An optimal vertex cover of a graph G is a minimum-size vertex cover of G.
The problem of finding an optimal vertex cover of a given graph is called the vertex-cover problem. This problem is a NP-Hard problem, meaning there is no polynomial-time algorithm that has been found to solve the problem. For some instances of the problem it is impossible to find an algorithm that finds a correct answer quickly enough before we turn old and die :) or before the universe runs out of fuel and disappears.
However, any instance of this problem for which the graph G is a tree is easily solvable in linear-polynomial time, meaning we can find a solution very quickly. Finding an optimal vertex cover for a tree can be solved in linear-time. Today I am going to provide an example of an algorithm that solves this problem in linear-time.
I am going to provide the actual code in C++, but before that let's quickly go over the algorithm and explain why it works as I say it does.
I am going to start by introducing a definition and a theorem.
First, a matching M for a graph G is a set of edges such that no vertex in G is adjacent to more than one edge in M. Each vertex in G is adjacent to either one edge in M or zero edges in M. Meaning each vertex in the matching M is matched to only one vertex in M.
A maximal matching M for a graph G is a matching in G such that every edge that is not in M is adjacent to at least one edge that is in M.
Then I present a theorem that says: The size of a maximal matching of a every graph G is a lower bound on the size of the optimal vertex cover of G. Meaning, an optimal vertex cover of a given graph can never have a size smaller than the graph's maximal matching size. The proof for this theorem is pretty evident so I am not going to prove it.
I found out, as so many others have done before me, that the size of a maximal matching in a tree is equals to the size of the optimal vertex cover in a tree.
My algorithm does the following:
Starting from any arbitrary node in a given tree T, and making this node the root of the tree for all purposes, do a full walk of the tree. Every time you return from a child node, check if the child node and the parent of the node have been matched.
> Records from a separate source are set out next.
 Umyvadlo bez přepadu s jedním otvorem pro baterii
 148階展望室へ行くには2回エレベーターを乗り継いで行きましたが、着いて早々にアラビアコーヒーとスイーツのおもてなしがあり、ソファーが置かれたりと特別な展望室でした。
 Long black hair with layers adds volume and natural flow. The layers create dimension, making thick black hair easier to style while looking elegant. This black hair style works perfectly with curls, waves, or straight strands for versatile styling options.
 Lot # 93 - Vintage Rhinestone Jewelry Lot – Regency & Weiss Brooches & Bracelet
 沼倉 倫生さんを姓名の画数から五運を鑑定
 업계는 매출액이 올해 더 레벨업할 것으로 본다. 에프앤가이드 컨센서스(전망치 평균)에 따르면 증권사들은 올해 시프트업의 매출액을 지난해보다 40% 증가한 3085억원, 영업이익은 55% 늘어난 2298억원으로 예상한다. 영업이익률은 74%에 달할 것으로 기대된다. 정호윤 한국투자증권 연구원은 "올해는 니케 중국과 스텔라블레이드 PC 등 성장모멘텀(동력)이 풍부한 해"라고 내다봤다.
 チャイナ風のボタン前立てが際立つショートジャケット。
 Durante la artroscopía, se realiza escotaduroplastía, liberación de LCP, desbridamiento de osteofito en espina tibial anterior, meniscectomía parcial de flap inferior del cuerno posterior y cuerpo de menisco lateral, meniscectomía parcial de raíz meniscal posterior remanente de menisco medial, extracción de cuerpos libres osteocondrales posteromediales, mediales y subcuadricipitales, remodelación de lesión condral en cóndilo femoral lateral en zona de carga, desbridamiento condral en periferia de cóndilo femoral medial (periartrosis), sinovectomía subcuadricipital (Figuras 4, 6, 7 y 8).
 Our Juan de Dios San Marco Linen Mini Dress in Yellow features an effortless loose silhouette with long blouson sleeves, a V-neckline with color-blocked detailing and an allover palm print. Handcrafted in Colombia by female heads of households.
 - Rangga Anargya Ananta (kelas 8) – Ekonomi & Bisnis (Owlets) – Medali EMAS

If none of them have been matched then go ahead and match them and add the edge between them to the matching, and add the parent node to the vertex cover. When the full walk returns to the root, we have constructed a vertex cover with size equal to a maximal matching of the tree. We constructed a maximal matching by adding each on of the edges that we added when we matched a child node and its parent.
See that each edge of the tree that was not added to the matching is necessarily adjacent to an edge in the matching (because if it wasn't then we would have added the edge to the matching and one of its adjacent nodes to the vertex cover, the highest hierarchy node of the two).
Since the algorithm returns a vertex cover with size equals to a maximal matching of the tree, then we can go ahead and accept this vertex cover as optimal, since no vertex cover can be smaller than that.
All right, here the code:
#include <vector>
using namespace std;
void dfsTree(vector<vector<int>> & G,
vector<bool> & visited,
vector<bool> & matched,
vector<int> & minCover,
int current)
{
visited[current] = true;
for(int i = 0; i < G[current].size(); i++)
{
int childNode = G[current][i];
if( !visited[childNode] )
{
dfsTree(G, visited, matched, minCover, childNode);
if(!matched[childNode] && !matched[current])
{
//add edge to matching by adding
//both of its adjacent vertices
matched[current] = true;
matched[childNode] = true;
//push father node into vertex cover
minCover.push_back(current);
}
}
}
}
vector<int> GetTreeMinVertexCover (vector<vector<int>> & G)
{
vector<bool> visited(G.size(), false);
vector<bool> matched(G.size(), false);
vector<int> minCover;
int start = 0; // any arbitrary node... really
dfsTree(G, visited, matched, minCover, start);
return minCover;
}
-------------------------------
So yeah all you have to do is provide GetTreeMinVertexCover with a tree in the form of an adjacency list and done.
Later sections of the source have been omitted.